◆ **Problem requirements**
The answer must consist solely of the lines from the one containing "Enjoy this well" through the last line of the records below, repeated exactly, with all pictures omitted.

(Records contained in a dataset)
▬▬▬

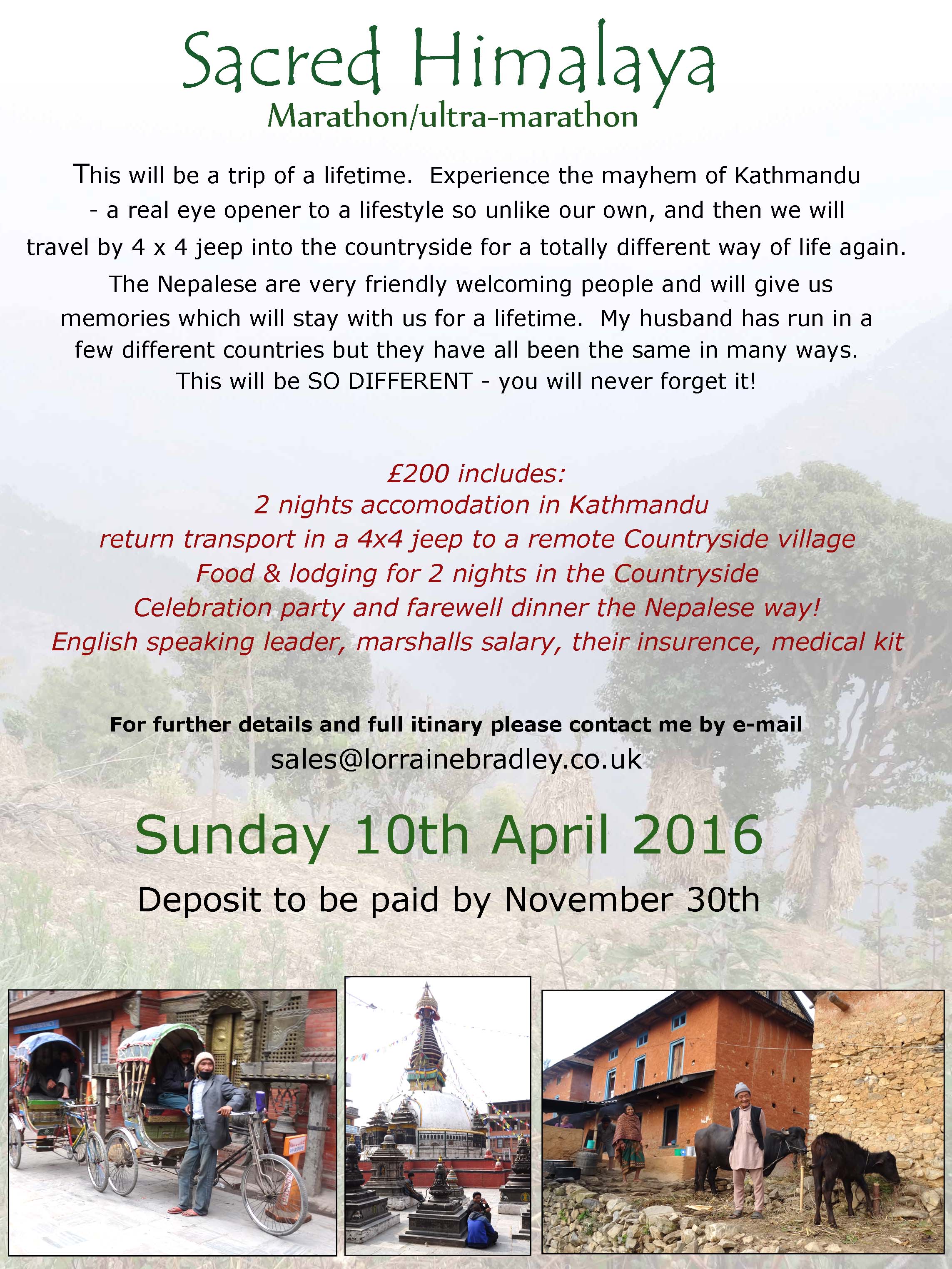 So the 10th April 2016 sees a marathon and ultra-marathon take place hosted by Binay's village. Lorraine told us, "I would love to help them and show English people how happy you can be when you have nothing except beautiful countryside and a non-materialistic way of life. It is so different and eye opening."
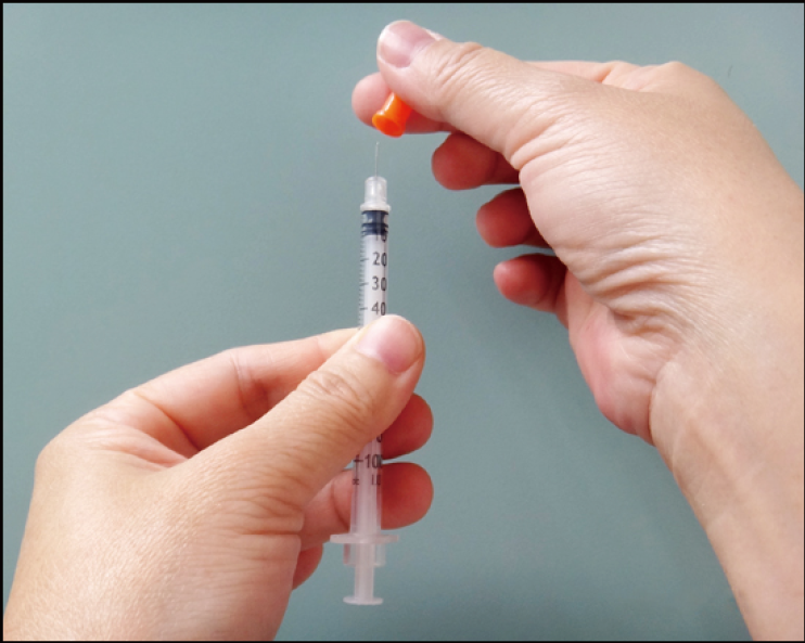 - 再次檢查劑量無誤時,請先將針蓋蓋好針頭,將針筒平放,準備注射。
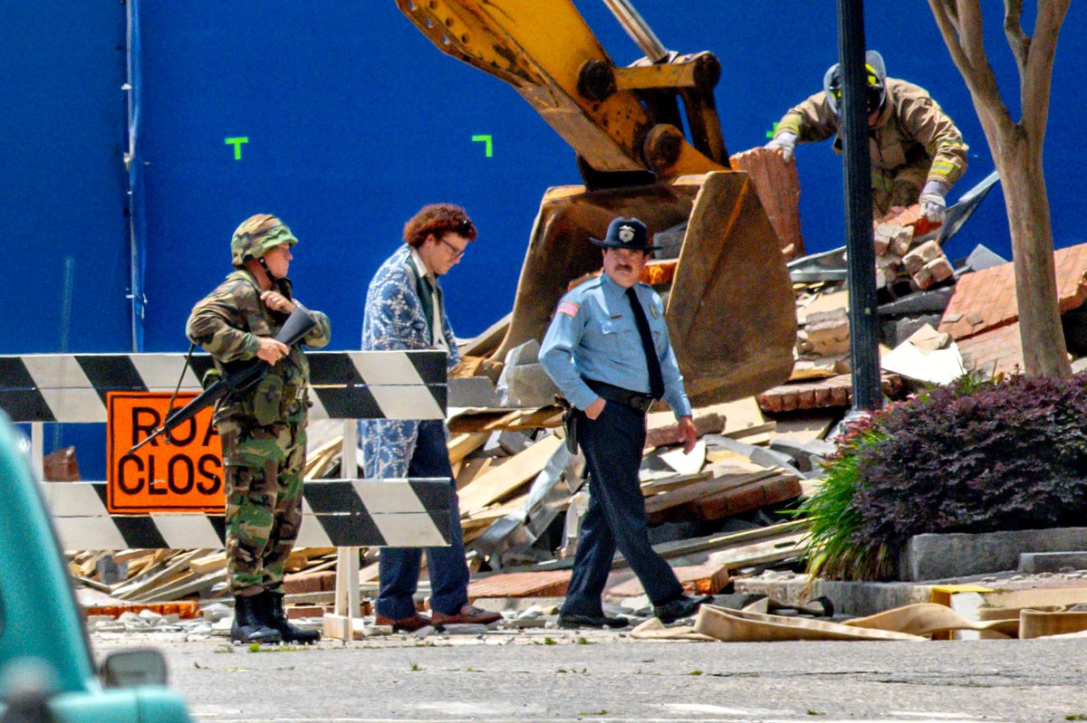 Сами руины окружены вооруженными людьми. Завалы исследую специалисты; похоже, они одеты не в защитные костюмы, а в обычное снаряжение пожарных.
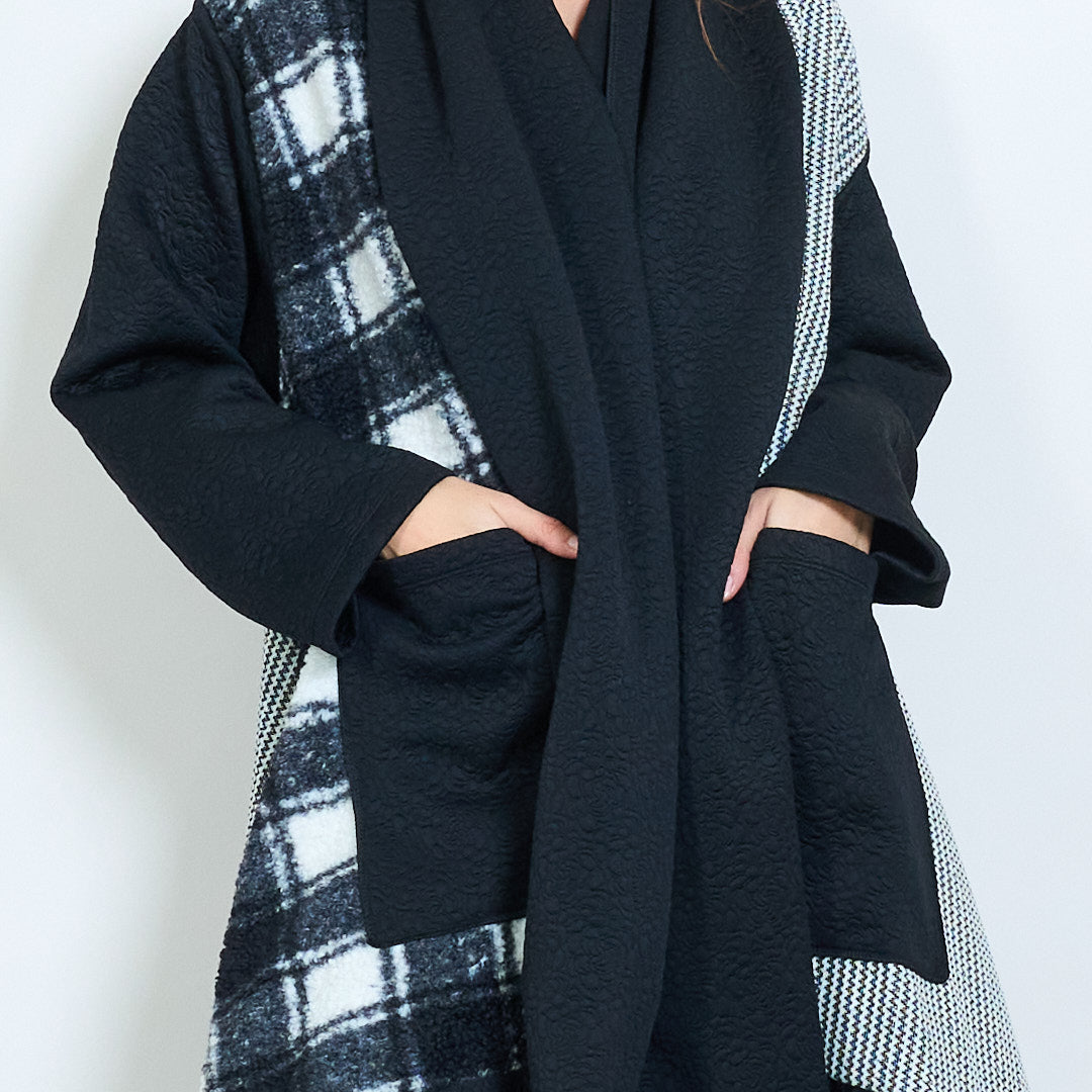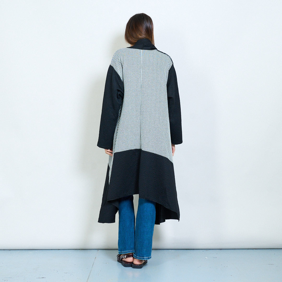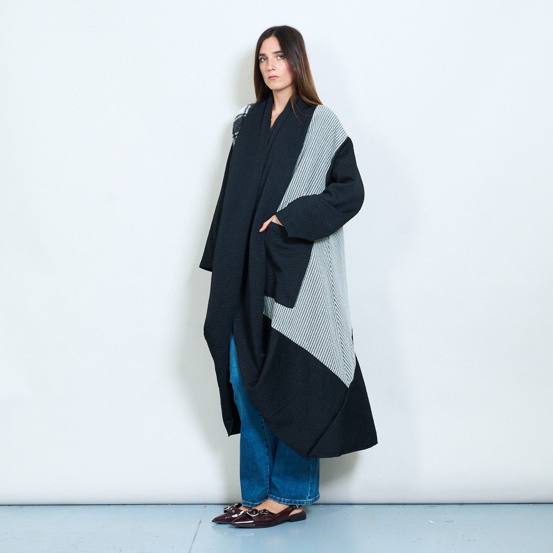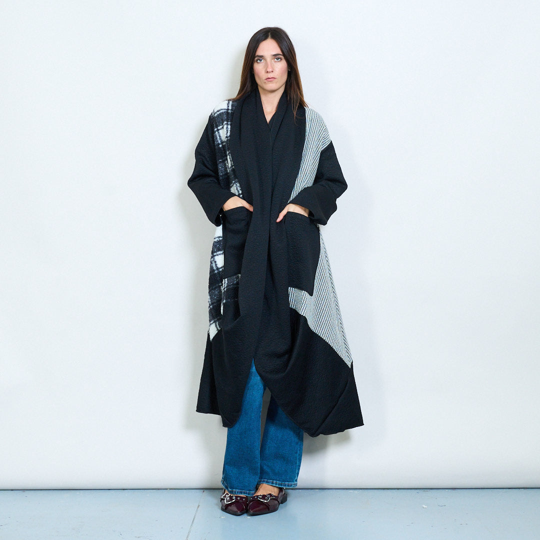 Cappotto a lungo patchwork di grandi dimensioni con silhouette drappeggiata all'ingrosso
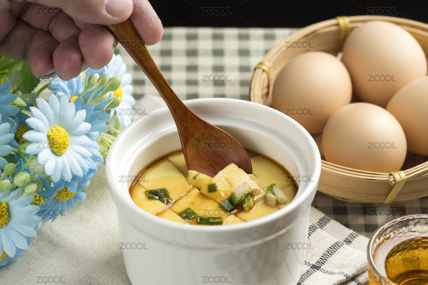 鸡蛋羹,蛋羹,蒸蛋羹,勺盛鸡蛋羹,浇酱油,Eggsoup,一碗,一盅,勺盛,鸡蛋
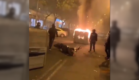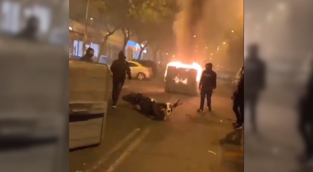 Los manifestantes acudieron con petardos y con fuegos artificiales que hicieron ya llegada la madrugada. Tomaron al menos tres contenedores y los cruzaron en la calle, que en ese momento tenía multitud de coches aparcados, e incluso colocaron una moto tirada en el suelo para realizar el citado corte de calle.
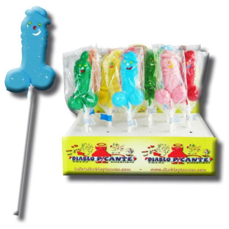 Piruleta con forma de pene con caritas con sabor frutas variadas.
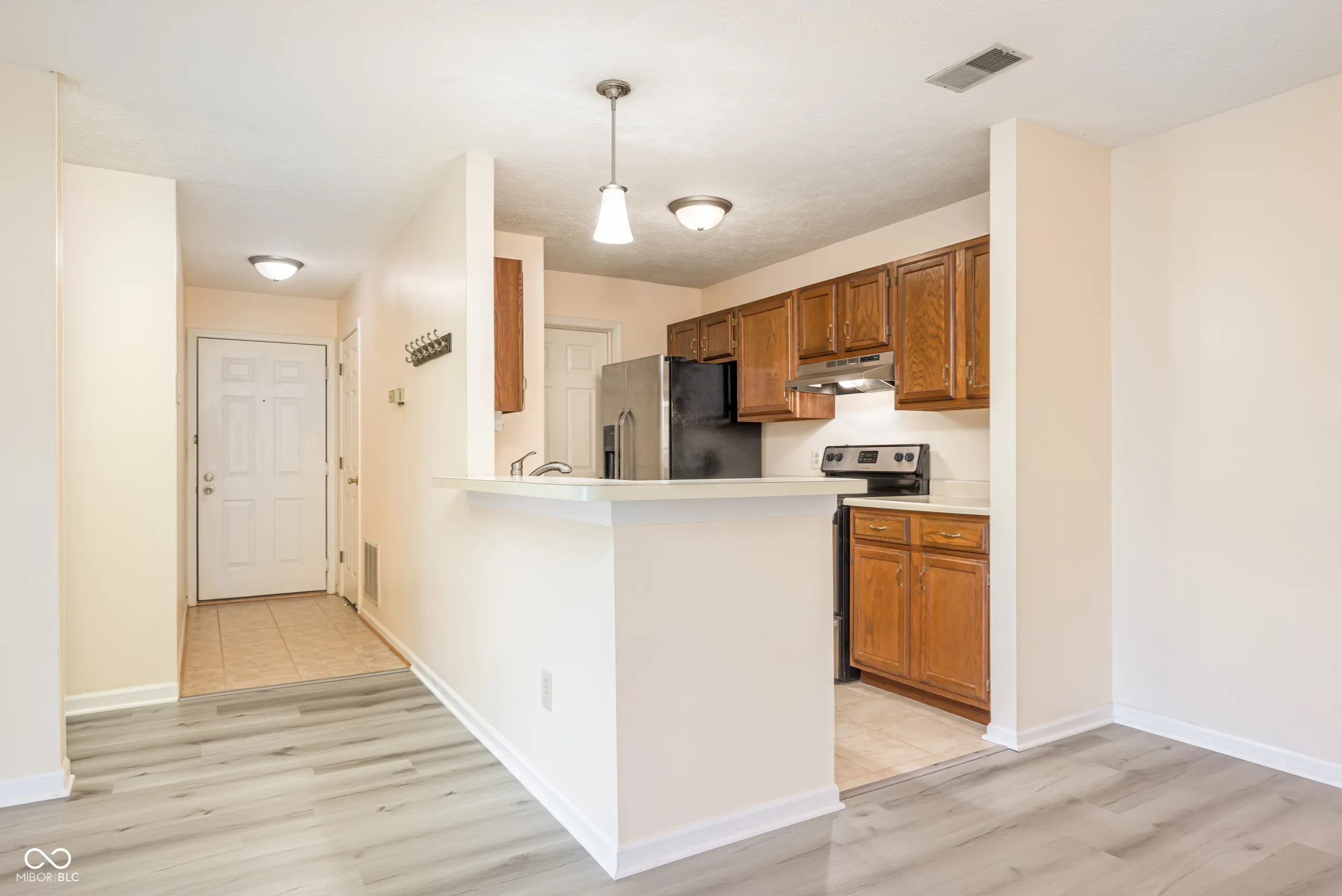 Enjoy this well maintained, 2 bedroom/2 bathroom first floor condominium located in Carmel’s City Center. The galley kitchen has stainless steel appliances, great cabinet space and a convenient breakfast bar. On one end of the kitchen, find plenty of room for a dining table. The other side opens to the laundry/utility room (washer and dryer included and newer HVAC). The open great room has a large sliding door out to the covered back patio. New LVP flooring throughout the great room and bedrooms. The primary bedroom has an ensuite bathroom and walk-in closet. Both bedrooms overlook the back green space with mature trees and landscaping. One designated parking space located close to the entrance is included along with a locked storage closet in the hall. Community clubhouse with amenities including a fitness area, pool, sauna and tennis courts. Close proximity to the Carmel Arts and Design District and easy access to US-31 and Keystone Pkwy.
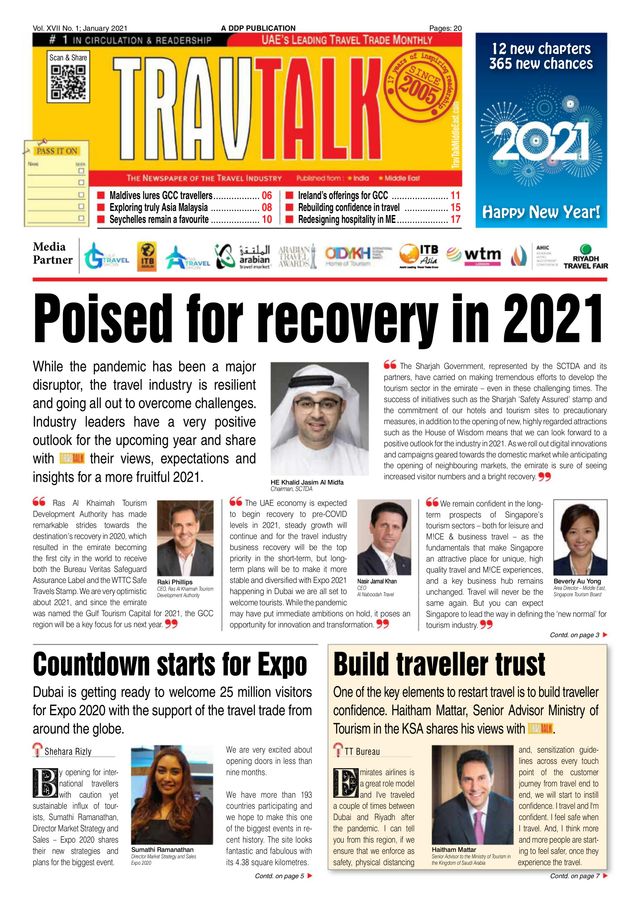 Grab this January 2021 issue of TravTalk Middle East to read more about: -Maldives lures GCC travellers-06 -Exploring truly Asia Malaysia-08 -Seychelles remain a favourite-10 …and Lots more.
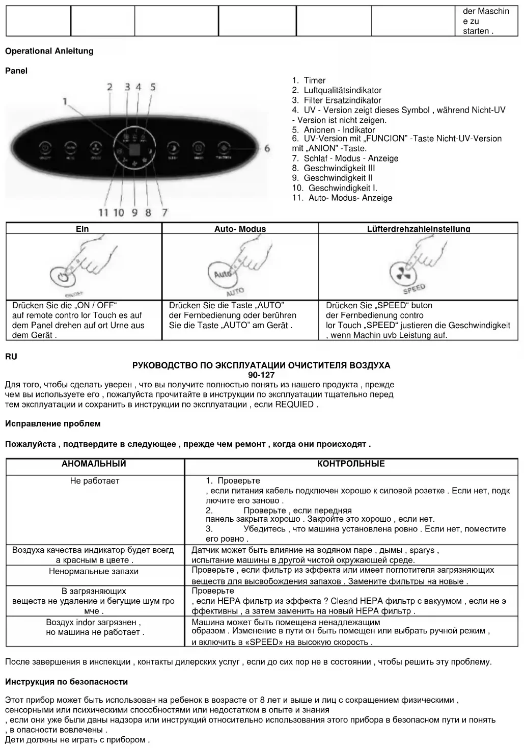 РУКОВОДСТВО ПО ЭКСПЛУАТАЦИИ ОЧИСТИТЕЛЯ ВОЗДУХА 90-127 Для того, чтобы сделать уверен , что вы получите полностью понять из нашего продукта , прежде чем вы используете его , пожалуйста прочитайте в инструкции по эксплуатации тщательно перед тем эксплуатации и сохранить в инструкции по эксплуатации , если REQUIED . Исправление проблем Пожалуйста , подтвердите в следующее , прежде чем ремонт , когда они происходят .
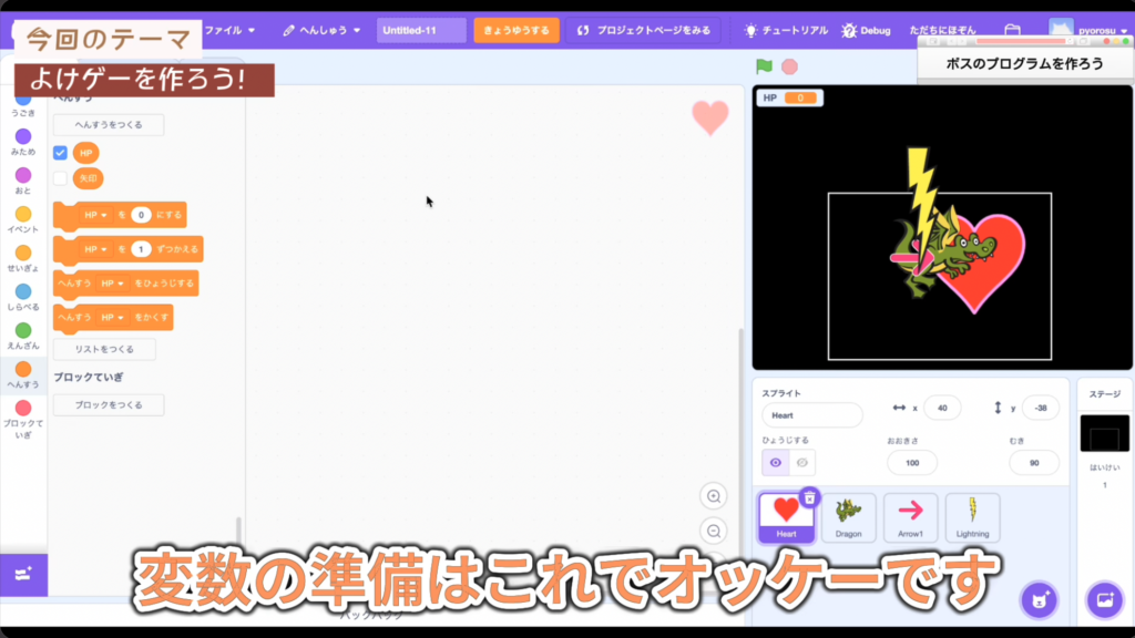 - 変数は HP と 矢印(攻撃制御用) の2つを作る(HPだけ表示)

▬▬▬

◆ **Response area**
 Enjoy this well maintained, 2 bedroom/2 bathroom first floor condominium located in Carmel’s City Center. The galley kitchen has stainless steel appliances, great cabinet space and a convenient breakfast bar. On one end of the kitchen, find plenty of room for a dining table. The other side opens to the laundry/utility room (washer and dryer included and newer HVAC). The open great room has a large sliding door out to the covered back patio. New LVP flooring throughout the great room and bedrooms. The primary bedroom has an ensuite bathroom and walk-in closet. Both bedrooms overlook the back green space with mature trees and landscaping. One designated parking space located close to the entrance is included along with a locked storage closet in the hall. Community clubhouse with amenities including a fitness area, pool, sauna and tennis courts. Close proximity to the Carmel Arts and Design District and easy access to US-31 and Keystone Pkwy.
 Grab this January 2021 issue of TravTalk Middle East to read more about: -Maldives lures GCC travellers-06 -Exploring truly Asia Malaysia-08 -Seychelles remain a favourite-10 …and Lots more.
 РУКОВОДСТВО ПО ЭКСПЛУАТАЦИИ ОЧИСТИТЕЛЯ ВОЗДУХА 90-127 Для того, чтобы сделать уверен , что вы получите полностью понять из нашего продукта , прежде чем вы используете его , пожалуйста прочитайте в инструкции по эксплуатации тщательно перед тем эксплуатации и сохранить в инструкции по эксплуатации , если REQUIED . Исправление проблем Пожалуйста , подтвердите в следующее , прежде чем ремонт , когда они происходят .
 - 変数は HP と 矢印(攻撃制御用) の2つを作る(HPだけ表示)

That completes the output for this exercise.